**Exercise prompt:** The whole listing, except its pictures, is to be repeated exactly.

**Dataset extract:**
==========

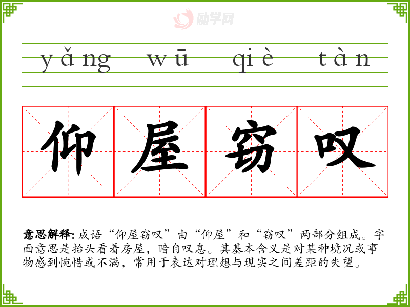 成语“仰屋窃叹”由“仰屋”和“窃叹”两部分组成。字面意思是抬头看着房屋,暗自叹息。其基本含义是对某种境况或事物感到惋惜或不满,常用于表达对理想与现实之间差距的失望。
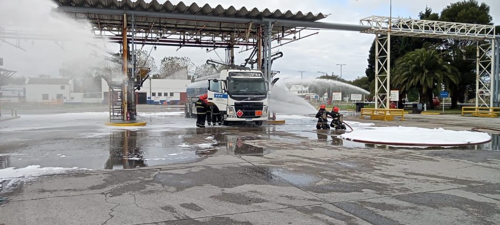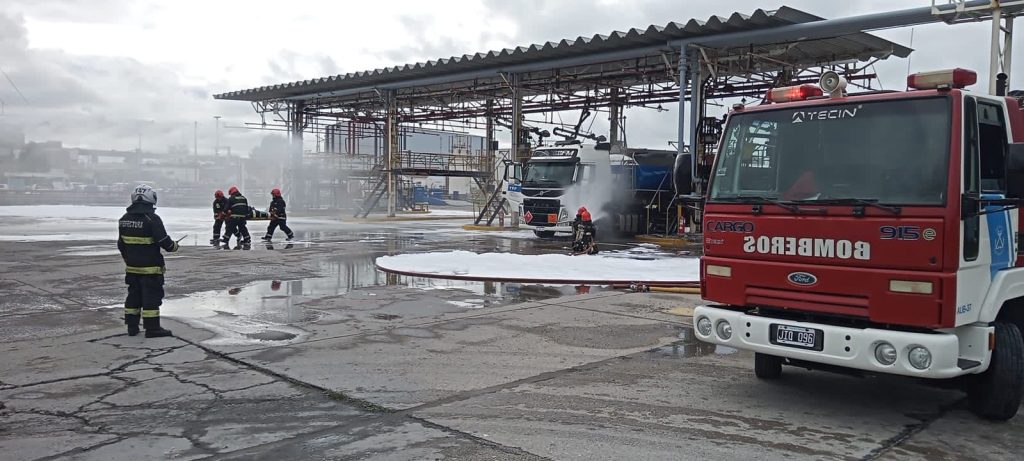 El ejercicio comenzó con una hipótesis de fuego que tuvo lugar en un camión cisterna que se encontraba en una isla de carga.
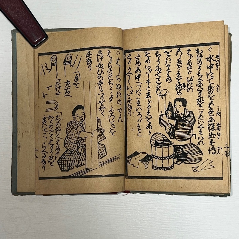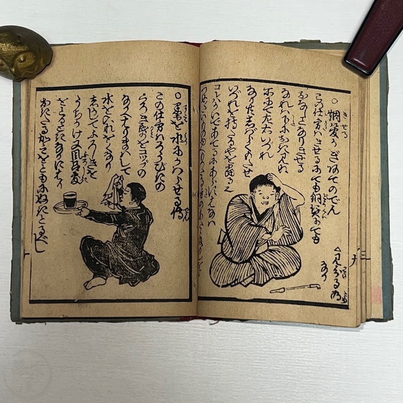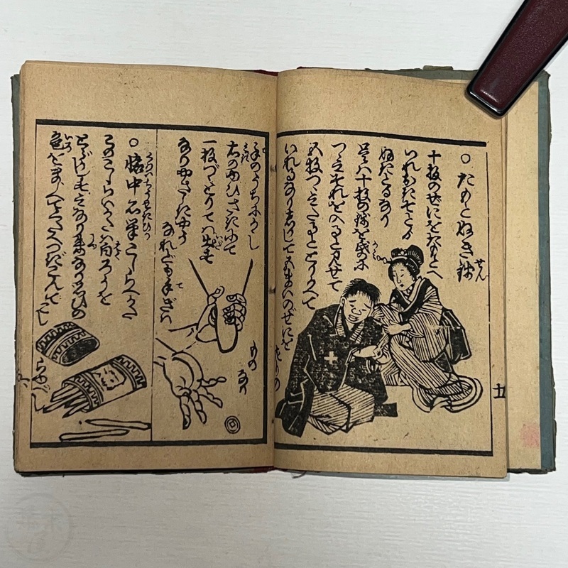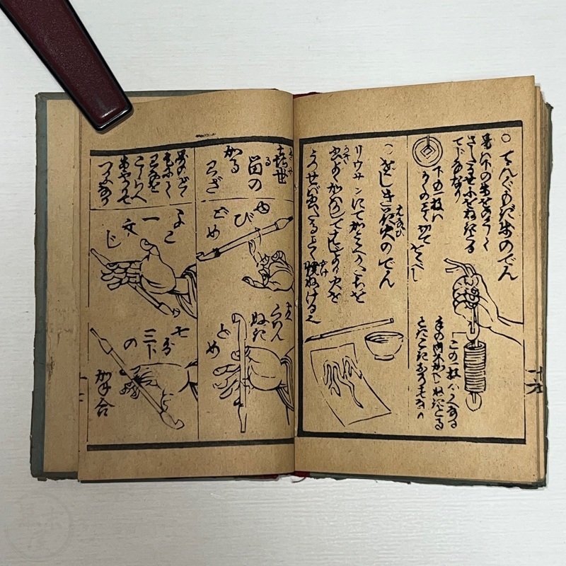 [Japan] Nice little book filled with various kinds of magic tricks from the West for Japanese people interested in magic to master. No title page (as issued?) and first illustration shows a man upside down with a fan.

==========

**Answer to this exercise:**
 成语“仰屋窃叹”由“仰屋”和“窃叹”两部分组成。字面意思是抬头看着房屋,暗自叹息。其基本含义是对某种境况或事物感到惋惜或不满,常用于表达对理想与现实之间差距的失望。
 El ejercicio comenzó con una hipótesis de fuego que tuvo lugar en un camión cisterna que se encontraba en una isla de carga.
 [Japan] Nice little book filled with various kinds of magic tricks from the West for Japanese people interested in magic to master. No title page (as issued?) and first illustration shows a man upside down with a fan.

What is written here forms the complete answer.